Le site est d'autant plus magnifique que je ne suis pas vraiment dérangé pour l'observer, la bombe d'hier a freiné l'ardeur tous les Libanais potentiellement intéressés par les ruines antiques, et les bombes des deux dernières années celle de tous les étrangers potentiellement intéressés par le pays du cèdre...
Au moins celui qui dormait dans ce tombeau doit être tranquille, sans doute à son époque passait-on plus de temps à l'hippodrome qu'au combat... impressionnant anneau, quelques gradins ont été préservés des voleurs de pierres, on se croirait dans Ben Hur...
La région, théâtre de bombardements de l'armée israélienne l'été passé est contrôlée officiellement par l'ONU. La FINUL, sous commandement italien depuis février dernier, est composée de 15000 hommes, essentiellement français et italiens.
On dit au Liban que c'est en réalite le Hezbollah qui protège la zone, et la FINUL par la même occasion.
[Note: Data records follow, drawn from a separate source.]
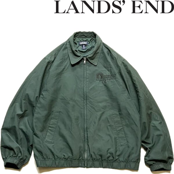 1点物◆ランズエンド深緑スエードタッチMLブルゾンジャケット古着メンズXLレディースOKアメカジ90sストリートブランドワークアウター373697
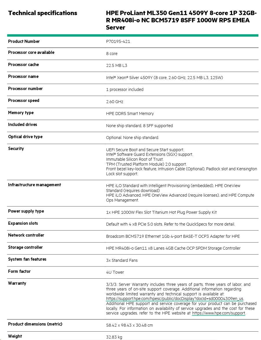 P70195-421: HPE ProLiant ML350 Gen11 4509Y 8-core 1P 32GB-R MR408i-o NC BCM5719 8SFF 1000W RPS EMEA Server
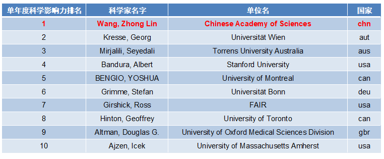 在年度排名——单年度科学影响力排名方面,王中林院士排名第1,自2020年以来已陆续在5年保持年度排名第1位。
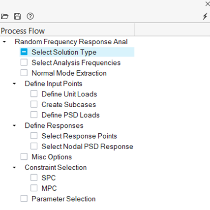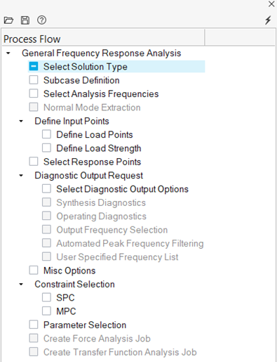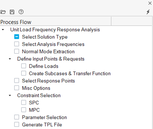 これらのプロセステンプレートは、一般的なエンジニアリングデータの入力を促し、データの設定が終了すると、自動的に周波数応答解析のための荷重ケースおよび関連するソルバーカードが作成されます。テンプレートは、共通のプロセス手順のセットを共有します。この手順は、最初に使用されたときにのみ解説が表示されます。
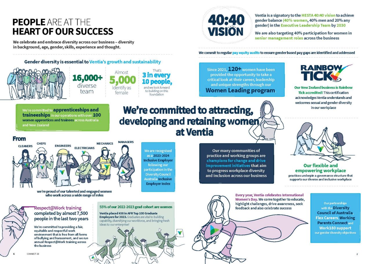 We are committed to increasing the number of women at Ventia in senior leadership roles to 40% by 2030, and our talent pipeline, learning and development opportunities and policies and procedures provide the foundations to ensure we retain, develop and attract more women in our organisation.
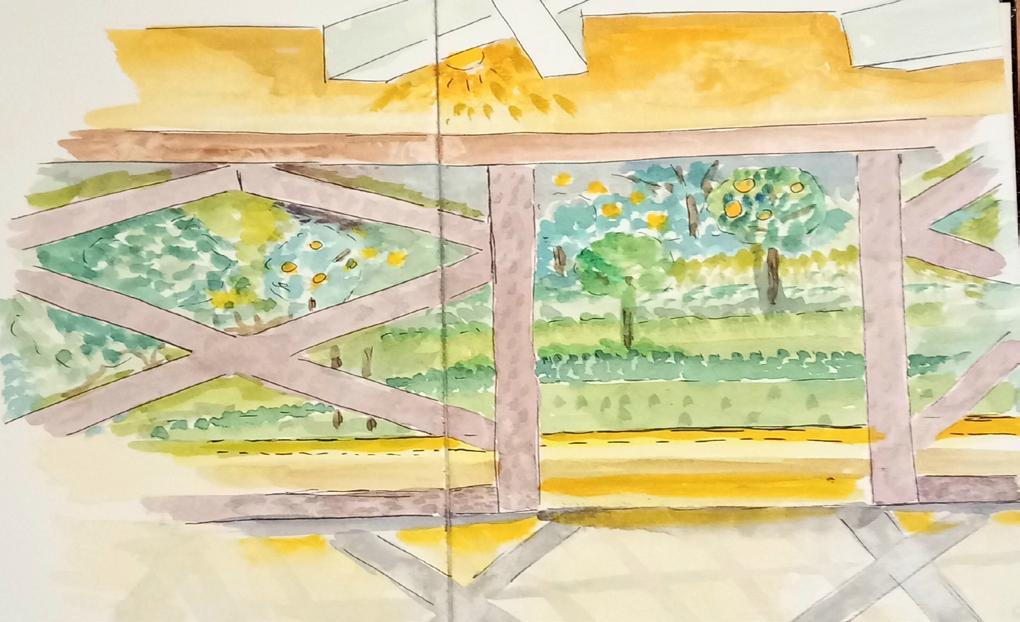 regressar. Os sketchers participantes ficaram distribuídos entre os espaços interiores, compostos por vários claustros e jardins interiores, e a envolvente exterior do jardim circundante, com espaços variados onde muitos optámos por desenhar, porque havia algumas limitações de ocupação no interior devido a muitas atividades que decorriam ao mesmo tempo, nomeadamente visitas oficiais esperadas.

Qu'en penser ? Pas évident de se faire une opinion après deux jours sur place, certes bien informé par la communauté française qui parle plus facilement des événements que les autochtones... Si vous voulez mon avis, je suis contre les partis politiques à dimension religieuse, surtout dans un pays historiquement multiconfessionnel comme le Liban. En plus, la violence est partie intégrante des pratiques du Hezbollah. Selon moi, ce parti représente tout sauf l'avenir du Liban. Il ne semble pas que ce soit le cas des gens ici... Pour plus d'infos, car le sujet est pour le moins délicat...
Cinquante kilomètres au nord, Saïda, alias Sidon. Un souk traditionnel dans un centre historique en pierre est censé animer le centre ville, hélas, deuil national du fait de vous savez quoi. Résultat, tout est fermé, et c'est bien dommage...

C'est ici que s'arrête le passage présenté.